Systeemtherapeuten knutselen in hoge mate aan sociale verbindingen en wel die tussen partners, in een gezin, een familie, een team of een groep. Daarbij lopen ze permanent op het smalle koord tussen de promotie van het individu en de versterking van het sociale weefsel. Ze proberen elk gezins- of familielid, elk teamlid tot zijn of haar recht te laten komen en een stem en een positie te geven. Ze verkennen tevens nieuwe wegen tot solidariteit en gezamenlijkheid.
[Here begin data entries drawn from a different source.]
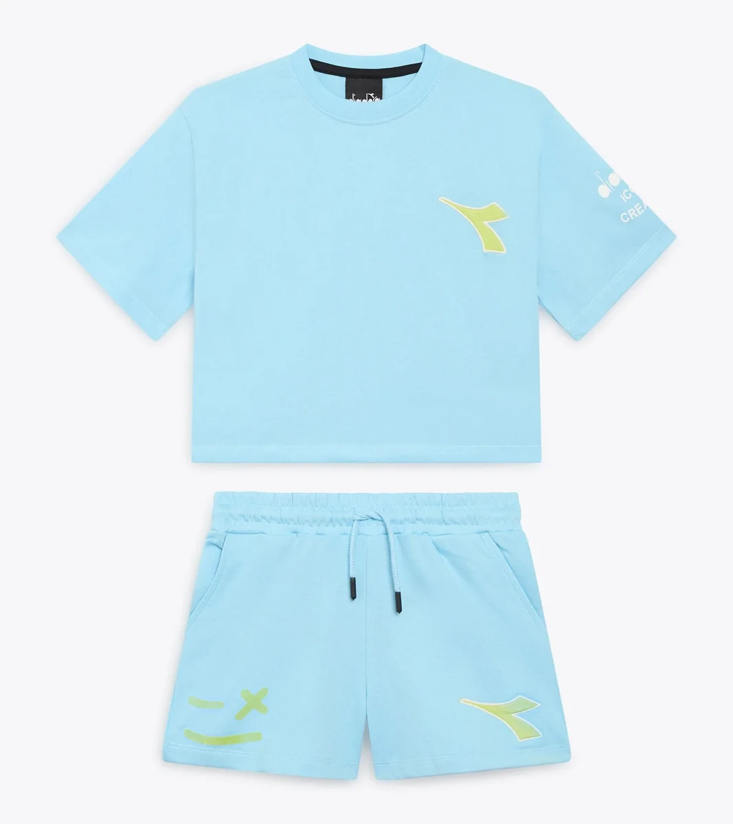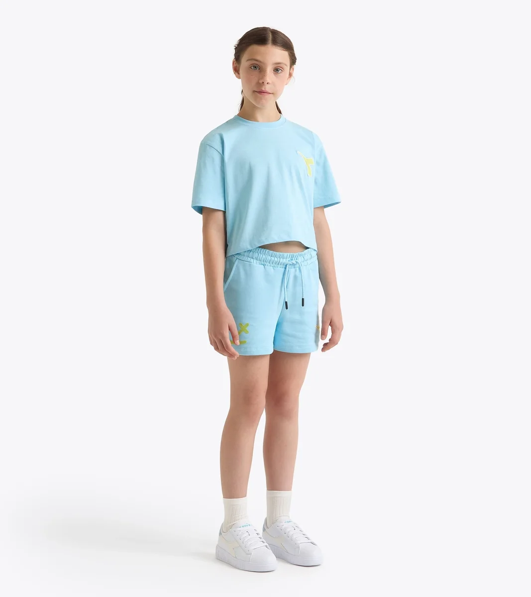 Un outfit casual da bambina composto da una maglietta corta e pantaloncini con elastico in vita. Un outfit versatile e leggero è ciò che ti serve per affrontare brevi viaggi o avventure con lo zaino in spalla!
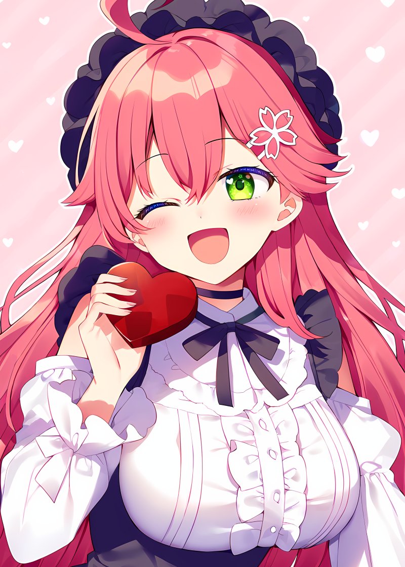 &{ID:11461718 CreatedAt:Fri Feb 14 22:30:29 -0600 2025 Score:0 Width:800 Height:1119 MD5:2a54866a4c662567c3560e49d2140dc1 Directory:2a/54 Image:2a54866a4c662567c3560e49d2140dc1.jpg Rating:general Source:https://twitter.com/kuronekoron2/status/1890391193806135557 Change:1739593830 Owner:danbooru CreatorID:6498 ParentID:0 Sample:0 PreviewHeight:350 PreviewWidth:250 Tags:1girl ahoge alternate_costume black_ribbon blush bodice candy chocolate chocolate_heart clothing_cutout commentary_request flower food frilled_shirt frills green_eyes hair_between_eyes hair_flower hair_ornament hairclip heart heart-shaped_food heart_background heart_in_eye holding holding_chocolate holding_food hololive kuronekoron long_hair long_sleeves looking_at_viewer neck_ribbon one_eye_closed pink_background pink_hair ribbon sakura_miko shirt shoulder_cutout smile solo symbol_in_eye valentine virtual_youtuber white_shirt Title: HasNotes:false HasComments:false FileURL:https://img2.gelbooru.com/images/2a/54/2a54866a4c662567c3560e49d2140dc1.jpg PreviewURL:https://gelbooru.com/thumbnails/2a/54/thumbnail_2a54866a4c662567c3560e49d2140dc1.jpg SampleURL: SampleHeight:0 SampleWidth:0 Status:active PostLocked:0 HasChildren:false IsVideo:false DisplayDate:14.02.2025 22:30}
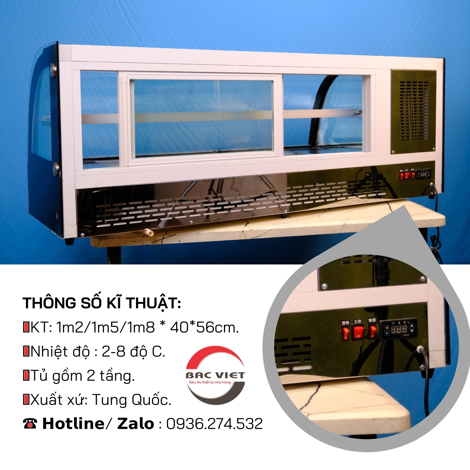 Tủ trưng bày sushi thích hợp cho nhà hàng Nhật Bản, quán sushi, sashimi, quầy buffet hải sản, khách sạn hoặc siêu thị. Nhiều mẫu mã đa dạng như tủ sushi 1 tầng, 2 tầng, kích thước từ 1m2 đến 2m phù hợp cho từng không gian và nhu cầu sử dụng khác nhau.
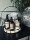 Metallkorgen är skapad med en kombination av trä och metall, vilket ger den både hållbarhet och estetik. Träelementen erbjuder en naturlig och varm känsla, medan metallet bidrar till dess robusthet och långvariga användning. Denna kombination gör korgen idealisk för mångsidig förvaring, samtidigt som den tillför en touch av stil till ditt hem.

Ze laten zich daarbij inspireren, bijvoorbeeld door recente bewegingen zoals de ‘nieuwe autoriteit’ (Jakob, 2013), waarin juist die solidariteit en het gezamenlijk de schouders zetten onder een problematische situatie belangrijke ingrediënten vormen. Het beklemtonen van de kracht van gezamenlijke actie, het bevorderen van het besef van onze inter-afhankelijkheid, het diepgaand analyseren van hoe we ons tot elkaar verhouden: het zijn de pijlers van de systeemtherapie die ervoor moeten zorgen dat het genoemde atomisme, het doorgeschoten individualisme, gecounterd wordt door praktijken van verbondenheid.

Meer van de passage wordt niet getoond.